[DATA SECTION]

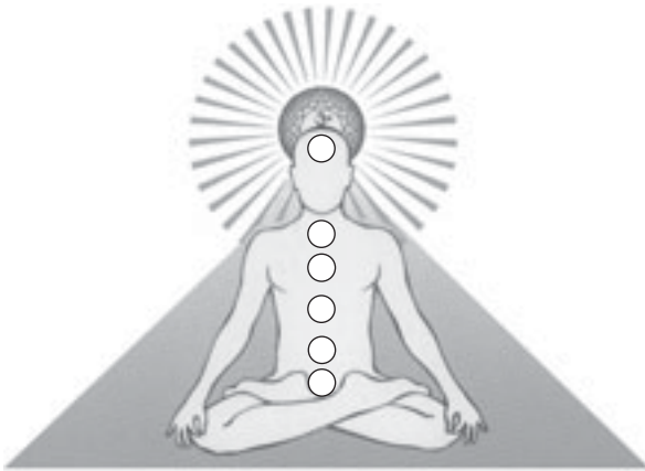
Погруженный в себя Мастер, созерцающий Бога

Пирамида символизирует и погруженного в себя человека в позе медитации.
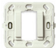
17086.B - Supporto liscio 1M s/viti d60/56x56mm b
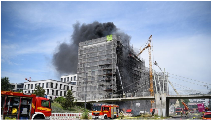
Abbildung 4: Großschadenslage in Heidelberg: Der Stadttorbrand 2022.
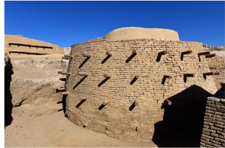
городище Отрар(городской квартал XVI в)
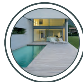
les piscines, les saunas piscine, sauna
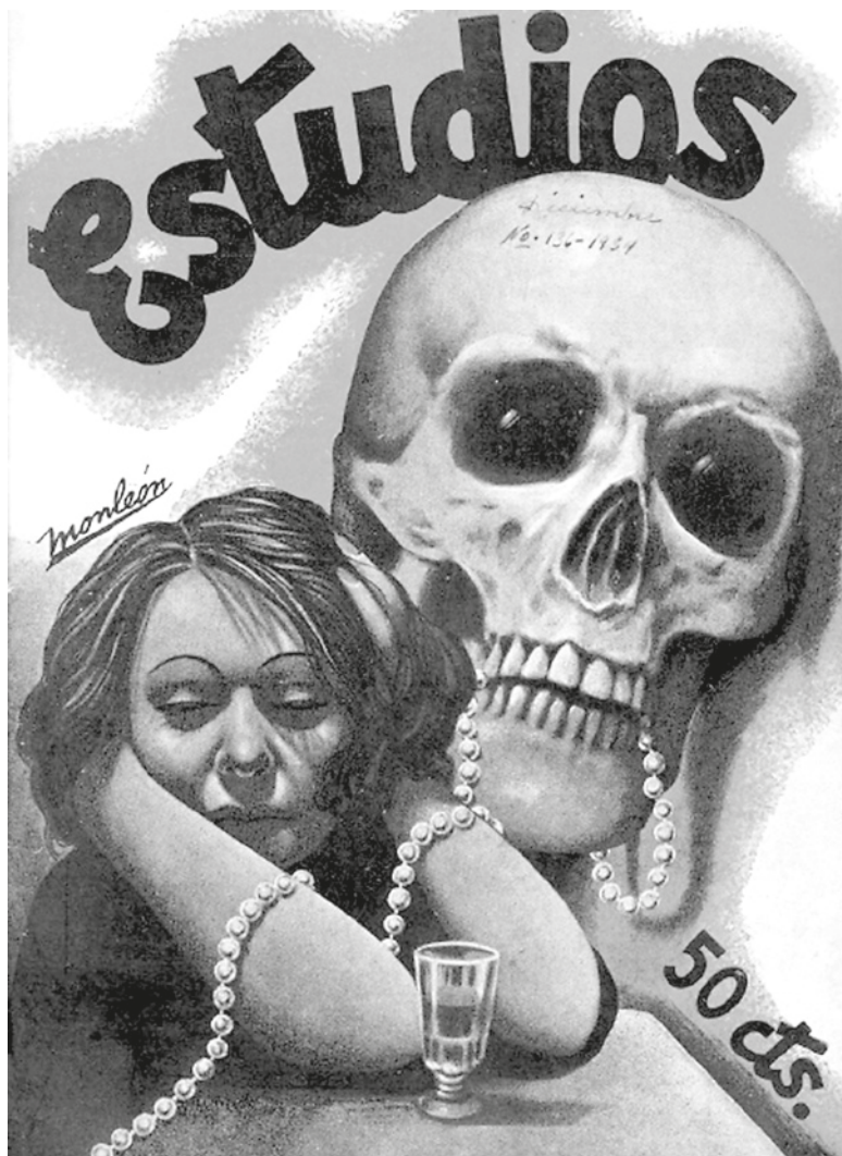
Fuente: Estudios, 136 (1934).

Portada de la revista Estudios en la que se equipara la prostitución con el vicio sexual y la muerte
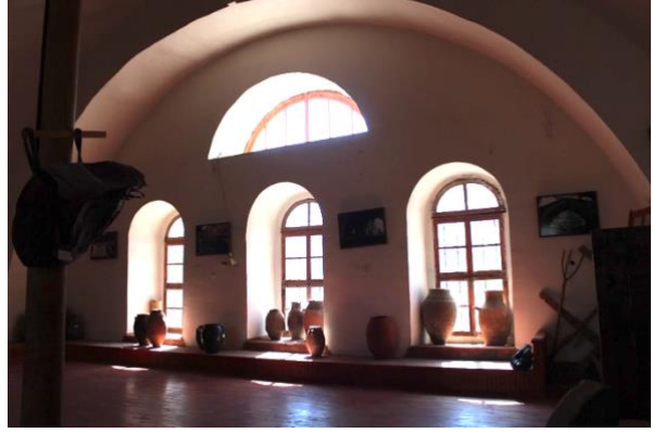
Görsel 14. Ana Salonda Sergilenen Eserlerden Detay
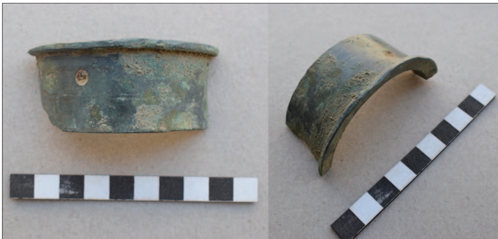
Sl. 5 Fragment brončane glavine kotača
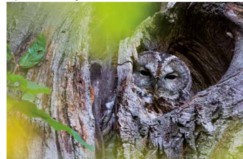
Ein naturnaher Wald mit alten Bäumen hat meistens ein ausreichend gutes Höhlenangebot für Käuze. (J. Wassermann)
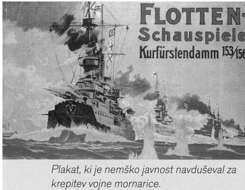
Plakat, ki je nemško javnost navduševal za krepitev vojne mornarice.
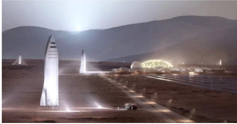
Ilustración 10: cohetes en Marte, reutilizables y capaces de transportar a 100 pasajeros

El físico, inventor y empresario Elon Musk, fundador de SpaceX, Tesla Motors y Solar City, cree que la humanidad corre el riesgo de extinción por vivir en un solo planeta. Su solución es establecer una colonia autosustentable en Marte. Según Musk, la tecnología que está desarrollando SpaceX, basada en naves espaciales con propulsión de metano y fuselajes de fibra de carbono, permitiría comenzar a colonizar el planeta rojo a partir de la próxima década y crear, así, una civilización sustentable de un millón de habitantes en Marte.
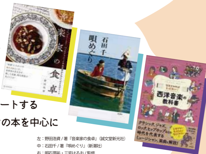
左: 野田浩貴/著『音楽家の食卓』(誠文堂新光社) 中: 石田千/著『唄めぐり』(新潮社) 右: 明石潤祐・三宅はるお/監修 『歴史を知ればもっと楽しい! 西洋音楽の教科書』(ナツメ社)

日常に“ちょい”っと読書を取り入れる「ちょい読み」 の展示をロビーで行っています。10月から新たにスタートする 「歌って楽しむ音楽の教科書」に合わせ、音楽がテーマの本を中心に 集めています♪ぜひお立ち寄りください。
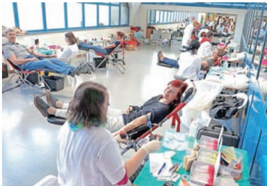
Na terenski krvodajalski akciji v Šenčurju
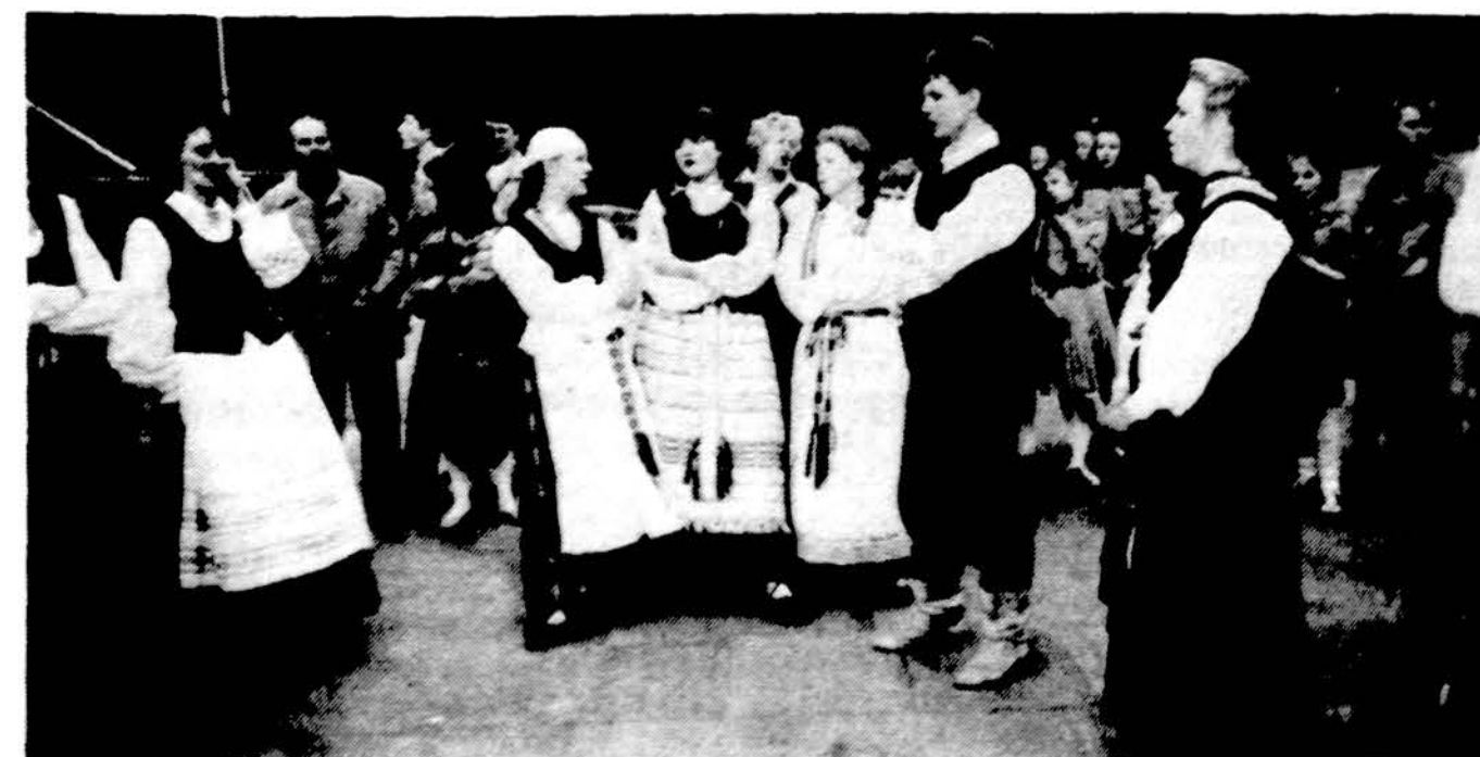
Lietuvos Skautų sąjungos steigiamajame suvažiavime Vilniuje, vykusiame š.m. balandžio 29-30 dienomis, liaudies dainas dainuoja sesės ir brolis iš Klaipėdos.

Specialybė — Vidaus ligų gydytojas Kalbama lietuviškai 6165 S. Archer Ave. (prie Austin) Valandos pagal susitarimą Tel. 585-7755
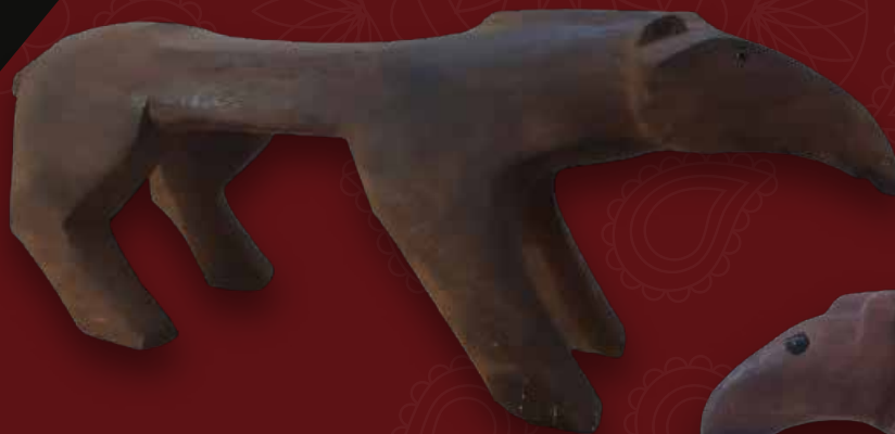
Danta banco Medidas: 120x37x26
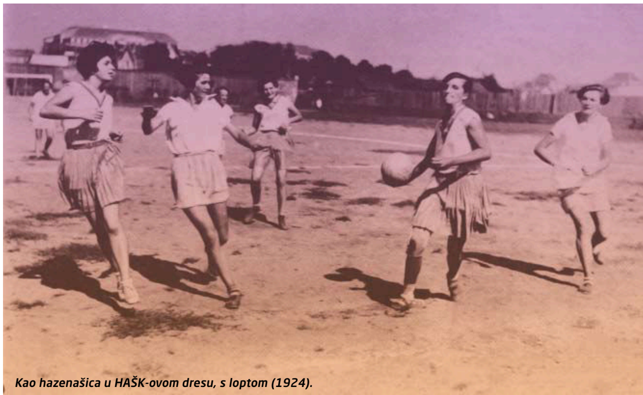
Kao hazenašica u HAŠK-ovom dresu, s loptom (1924).

[/DATA SECTION]

*ASSIGNMENT*
Among the records, find every line holding the word "себя" and copy it.

*SOLVED EXERCISE*
Погруженный в себя Мастер, созерцающий Бога
Пирамида символизирует и погруженного в себя человека в позе медитации.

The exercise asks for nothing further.